On June 29, the 5th Regiment was mustered out, but David still hadn't received his walking papers. When he was deemed recovered, when he was actually discharged, and when he arrived home is not recorded. But it is highly unlikely that he experienced the robust civic welcome that his 10th Regiment comrades received on their return.
The Civil War with its cruel and bloody battles is one of the most unfortunate periods of American history. Men who shared a common heritage and might be friends outside the battlefield had to face off against each other and kill or be killed in the name of competing and contradictory causes. In his two terms of enlistment David Whitney not only survived to the bitter end, as his brother had not, but contributed greatly to the Union cause of not allowing the United States to be disassembled for highly factional purposes.
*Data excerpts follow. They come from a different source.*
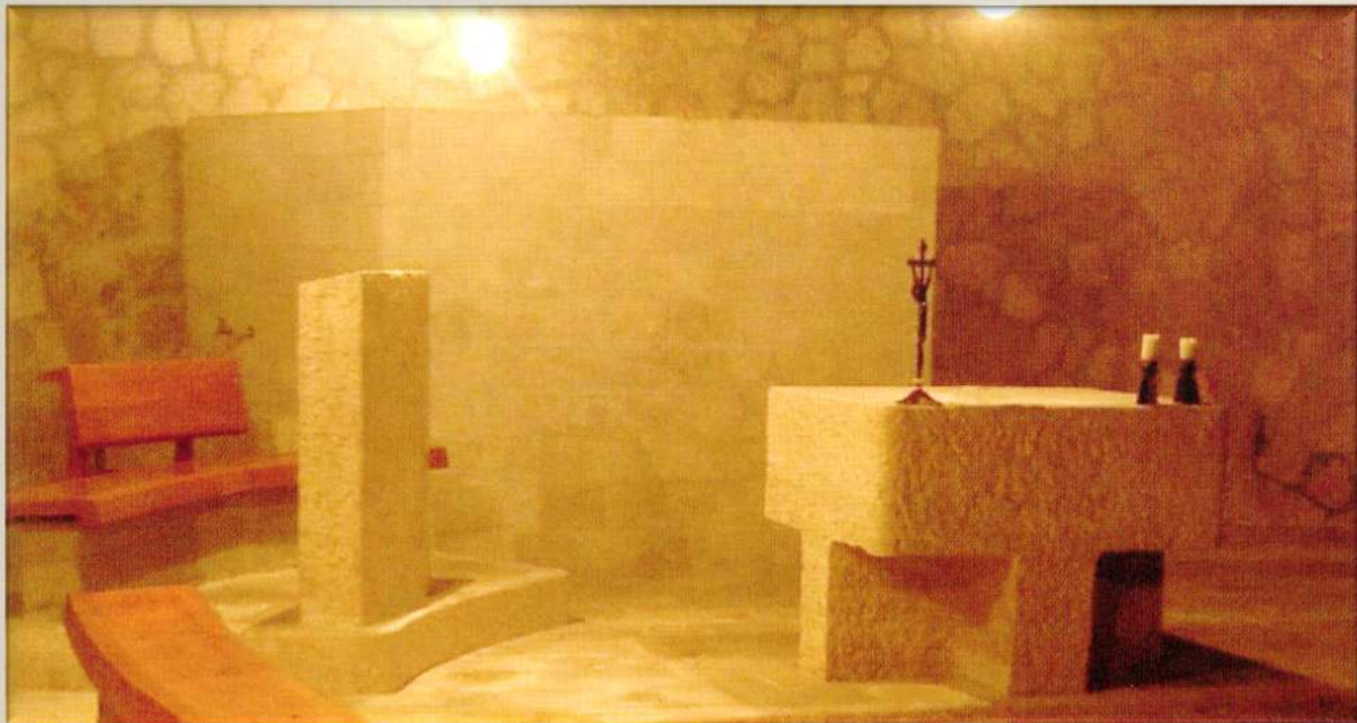
Cimitero di Valont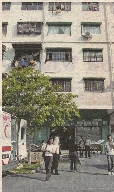
DUA lelaki yang dikurung ah long dalam sebuah bilik kurungan di Serdang Raya semalam.

“Kita semasa itu tidak ada petunjuk mengenai kehilangan suami wanita itu dengan sindiket ah long yang telah mengurung mangsa,” katanya.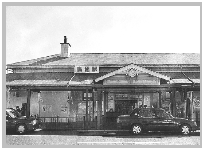
鳥 栖 駅

また、この基本方針は、人権が尊重される社会づくりの担い手は市民であるとの認識の下に、市民、団体、事業者、行政などがそれぞれの役割を踏まえた上で連携、協働しながら人権教育・啓発を推進するものです。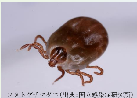
フタトゲチマダニ

感染症発生動向調査では、西日本の15県(近畿、中国、四国、九州地方)においてこれまで110人(男48、女62)のSFTS患者が報告されており、5月~8月の発症例が多いです(2015年4月8日現在)。国によるSFTSウイルス国内分布調査(2013年度)の結果、患者が報告されていない岩手県や北海道でもSFTS保有マダニが確認されました。青森県ではこれまでSFTS患者は報告されていませんが、マダニに咬まれないよう注意が必要です。主な予防対策は次の3点です。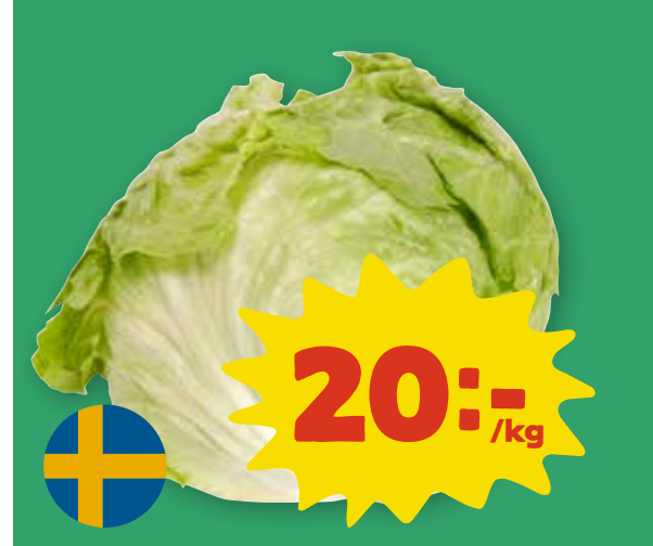
Isbergssallad Sverige. Klass 1.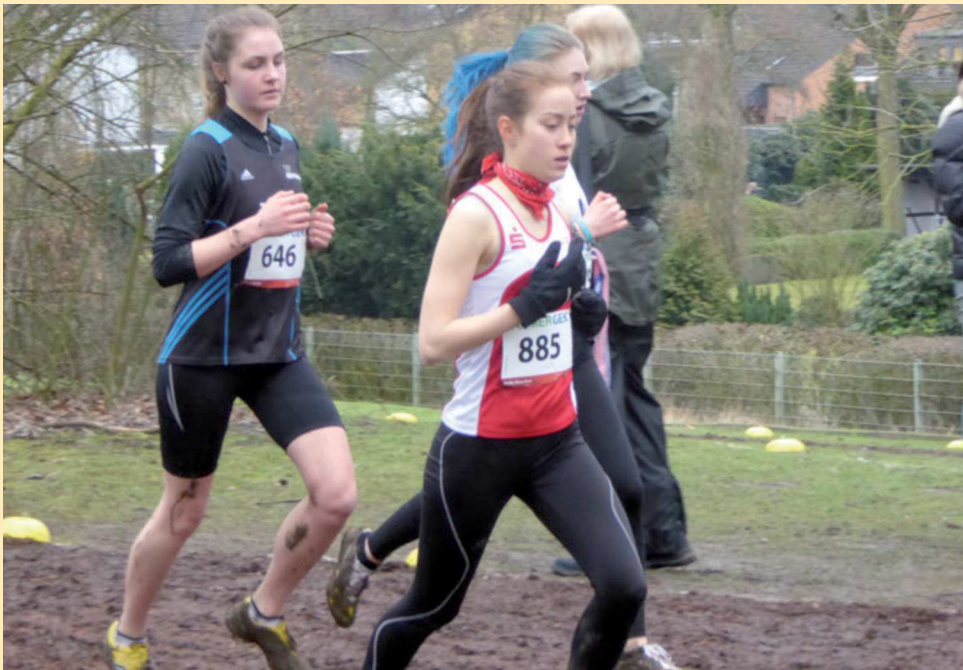
Maiko in der zweiten Runde des Crosslaufes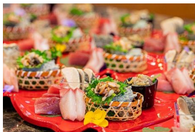
刺身5種（さざえなど）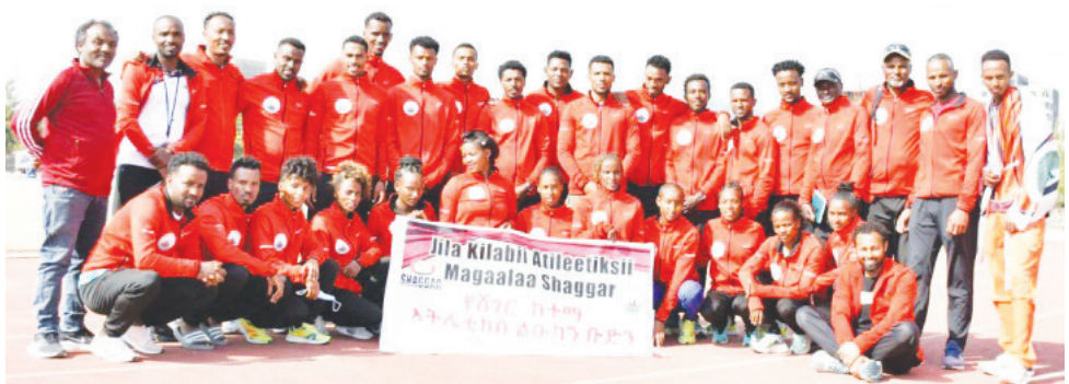
የሸገር ከተማ አትሌቲክስ ክለብ 60 አትሌቶችን አቅፎ በቅርቡ ሸገር አቀፍ ውድድሮች ላይ እየተሳተፈ ነው።

ክለቡ ከተመሠረተበት ወቅት ጀምሮ ዝግጅቱን በአግባቡ እያከናወነ የሚገኝ ሲሆን፣ በ2016 ዓ.ም የኢትዮጵያ አትሌቲክስ ፌዴሬሽን በሚያዘጋጃቸው ውድድሮች ለመሳተፍ እንቅስቃሴዎችን እያደረገ እንደሆነና ተፎካካሪና ውጤታማ ለመሆንም አቅዶ እየሠራ እንደሚገኝ የክለቡ ሥራ አስኪያጅ አቶ ጌቱ ሸፈራው ገልጸዋል። ለዚህም የኢትዮጵያ አትሌቲክስ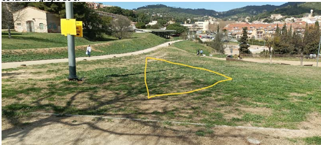
Imatge del primer grup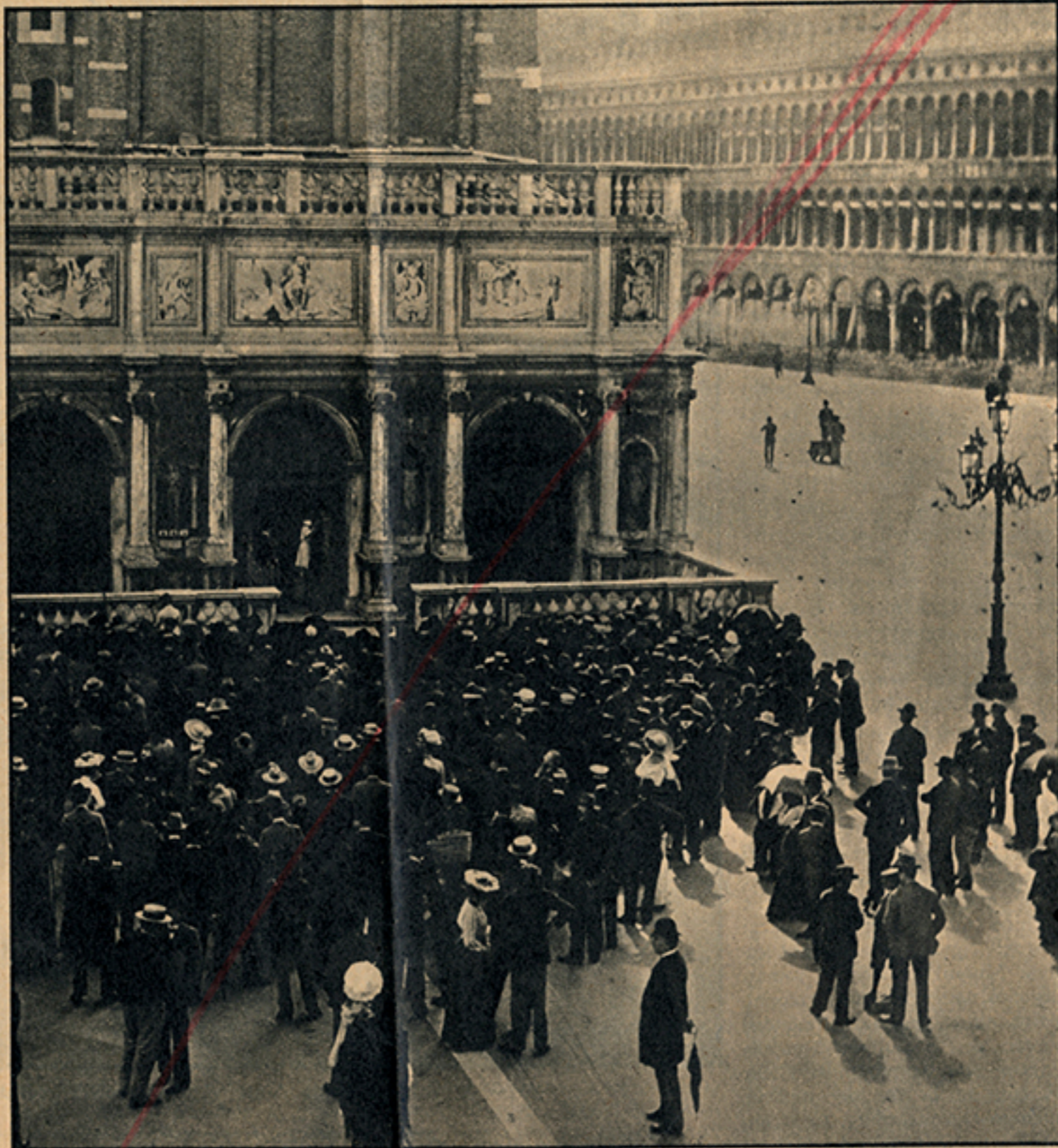
Venezia, 1900. L'estrazione del Lotto alla loggetta del Sansovino. Due anni dopo (2 luglio 1902) crollava il vecchio campanile di San Marco.

★ GLI ISCRITTI alla sezione italiana dell'Associazione Internazionale dei Critici d'Arte si sono riuniti recentemente a Roma per discutere lo statuto del loro organismo. Durante una colazione offerta dal Turismo, l'on. Romani ha brindato al successo della campagna per la difesa del paesaggio promessa da scrittori e artisti. Il Commissario del Turismo ha annunciato che sono in corso dei provvedimenti per eliminare intanto i cartelloni pubblicitari dalle strade nazionali.

Since July 4, 1863, when West Virginia was admitted to the United States, after that portion of Virginia had separated itself from the state of Virginia, Union military units had flown the 35-star flag symbolizing the total union of states, including those that had seceded in an attempt to form a separate country. When David Whitney was finally discharged from military service, he could proudly say that that flag still symbolized his native country now reunited in its national totality.